Фиброзно-мышечная дисплазия (ФМД) - это заболевание неизвестной этиологии, определяется как утолщение артериальной стенки от фиброза и мышечной гиперплазии, в результате возникает мультифокальный стеноз артерий. Он был впервые описан в 1938 году Leadbetter и Burkland
Первоначально было описано сужение почечной артерии от ФМД, связанной с вазоренальной гипертензией. Почечные артерии поражаются наиболее часто, поэтому на них приходится до 80% всех случаев. Внутренняя сонная артерия является следующей наиболее часто поражаемым сосудом (впервые описано Connett и Lansche в 1965 году). ФМД встречается в 1% всех каротидных ангиограмм. Женщины более часто поражаются в соотношении 3:1. Болезнь включает в себя средние и мелких артерии, однако, она была описана практически в каждом сосуде. Почечные и сонные артерии одномоментно страдают у 30% пациентов, а позвоночные артерии страдают до 10% у пациентов с каротидной ФМД. Фиброзно-мышечная дисплазия, как правило, клинически представлена в третьем-шестом десятке лет. Клиническая картина зависит от пораженного сосуда, и она похожа на атеросклероз сосудов. поскольку стеноз буде причиной острой или хронической ишемии, или дистальной эмболизации.

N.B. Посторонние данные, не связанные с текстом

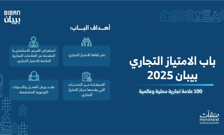 ويهدف “بيبان 2025” من خلال باب الامتياز التجاري إلى نشر ثقافة الامتياز التجاري بوصفه نموذجًا تجاريًا فاعلًا يقدم مجموعة من الخدمات والأنشطة؛ التي من أبرزها التعرف على الفرص الاستثمارية المقدمة من العلامات التجارية المانحة للامتياز التجاري في مختلف القطاعات، الاستفادة من الخدمات التي يقدمها مركز الامتياز التجاري، إلى جانب حضور ورش العمل والندوات التوعوية المتخصصة، والجلسات الاستشارية التي يقدمها خبراء ومستشارون محليون ودوليون.

Фиброзно-мышечная дисплазия может иметь двусторонний характер, но в отличие от атеросклероза, проявляется, как правило, не в стенозах устьев и она не влияет на бифуркации артерий, поскольку возникает в более дистальных отделах. Классические ангиографическая и ультразвуковая картина представляет собой «нитку из бисера». Теперь точно известно и признано, что при данной патологии существует три вида:
- Тип I (80%) - серии стенозов чередуются с участками дилатации. На гистологии это, как правило, находят медиальную фиброплазию.
- Тип II (15%) - единичный или мультифокальный тубулярный стеноз. Обычно это вызвано фибропалзией интимы. Этот тип более вероятно может привести к диссекции или окклюзии сосуда.
- Тип III (5%) - одна стенка артерии подвержена истончению, что может привести к формированию истинной мешотчатой аневризмы
Картина болезни. Что обычно происходит из-за атипичной фиброзно-мышечной дисплазии
Девяносто процентов ФМД наблюдается у женщин. Оно обычно включает в себя дистальную треть почечной артерии, проходящей в сегментарные ветви. ФМД почечных сосудов является одной из причин гипертензии вследствие стеноза и снижения почечной перфузии. Почки производит повышенные уровни ренина и ангиотензина, что приводит к повышению системного артериального давления и нормализации почечного кровотока.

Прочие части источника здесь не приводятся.